Non-Linear Self-Learning
Humans are obsessed with linearity. Look at our houses, furniture, televisions, photo-frames or cabinets, they all follow linear designs. The reason is linearity is simple, however it is certainly not natural. Outside our houses nature is flourishing with non-linearity – trees, mountains, rivers and the human body all follow non-linear patterns and dynamics (to explore more read about fractal geometry and chaos theory, or we will discuss it in some later articles on YOU CANalytics). Learning / teaching in schools and universities usually take the linear path, however self-learning in my opinion is highly non-linear. Unlike school-learning, self-learning is driven by purpose and need, hence one tends to hop between books, chapters, and the internet – I say this from experience. Let me present the resources that have helped me the most while learning R. I have divided these resources in the following 5 categories
- R for Reference : these books cover most essential aspects about R and also serve well as reference books
- R with Theory : these books are great if you want to understand fundamentals of statistics and machine learning while using R as the tool
- R with Applications : these books use case studies or applications based learning
- R Graphic and Programming : focus of these books is on R Graphics or programming
- Online Resource : short online courses and computer based learning tools (I have also included the most important online data repository over here)
1. R for Reference
R for Everyone: Advanced Analytics and Graphics – Jared P. Lander
YOU CANalytics Book Rating
(5 / 5)
Jared Lander, in his book, wastes no time on basic graphic (comes pre-installed with R), but jumps directly to ggplot2 package (a much advanced and sleek graphical package). This sets the tone for this book i.e. don’t learn things you won’t use in real life applications later. I will highly recommend this book for a fast paced and relevant learning of R.

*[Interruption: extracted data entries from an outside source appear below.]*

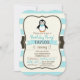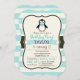 Cool, retro, colourful kid's Cute Penguin with Turquoise Bowtie design on white stripes, striped pattern with vintage feel. Perfect gift for baby, toddler, kids, children, teens, or adults! Personalised the design by adding a child's name or custom text. Visit our store, Birthday Party House, for more great customisable boy and girl products!
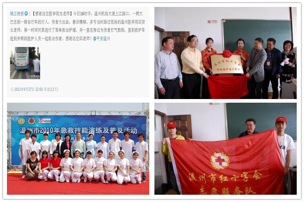 同样的一幕,曾经发生在温州机场大道上江路口,救人的是taptap点点体育的邱贤云老师。假使,现场只有普通群众,怎么办?如何将普通群众培养成“第一抢救员”?从2001年开始,taptap点点体育就开始积极探索,组建急救志愿服务团队,搭建急救志愿服务平台,希望能与社会共同拉起生命救护的防御线。近期,学院还开通了急救护掌上课堂(微信订阅号:温医大应急救护普及公益中心),通过视频、图解等方式“手把手”教急救护操作,希望普通群众真正能在关键时刻当“生命卫士”。
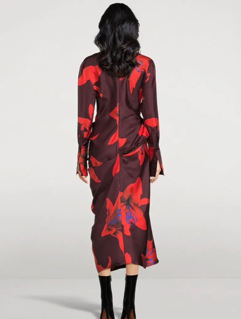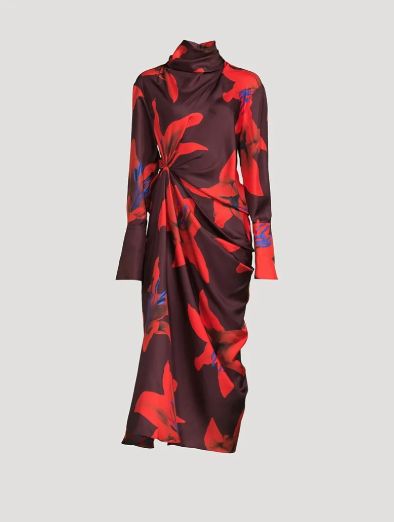 Made in Italy, this midi dress is crafted in silk twill with an all-over Fire Lily print. It has a high cowl neckline, oversized cuffs, and side knot with draped detailing. Finished with a back zip fastening.

The R Book – Michael J. Crawley
YOU CANalytics Book Rating
(4.8 / 5)
With close to a thousand pages and vast coverage, ‘The R Book’ could be called the Bible for R. This book starts with simple concepts in R and gradually move to highly advanced topics. The breadth of the book can be estimated through the presence of dedicated chapters on topics as diverse as data-frames, graphics, Bayesian statistics, and survival analysis. Essentially this is a must have reference book for any wannabe R programmer. But for a beginner the thickness of the book could be intimidating.
2. R with Theory
An Introduction to Statistical Learning: with Applications in R – Gareth James et al.
YOU CANalytics Book Rating
(5 / 5)
This book is a high quality statistical text with R as the software of choice. If you want to be comfortable with fundamental concepts in parallel with learning R, then this is the book for you. Having said this, you will love this book even if you have studied advanced statistics. The book also covers some advanced machine learning concepts such as support machine learning (SVM) and regularization. A great book by all means.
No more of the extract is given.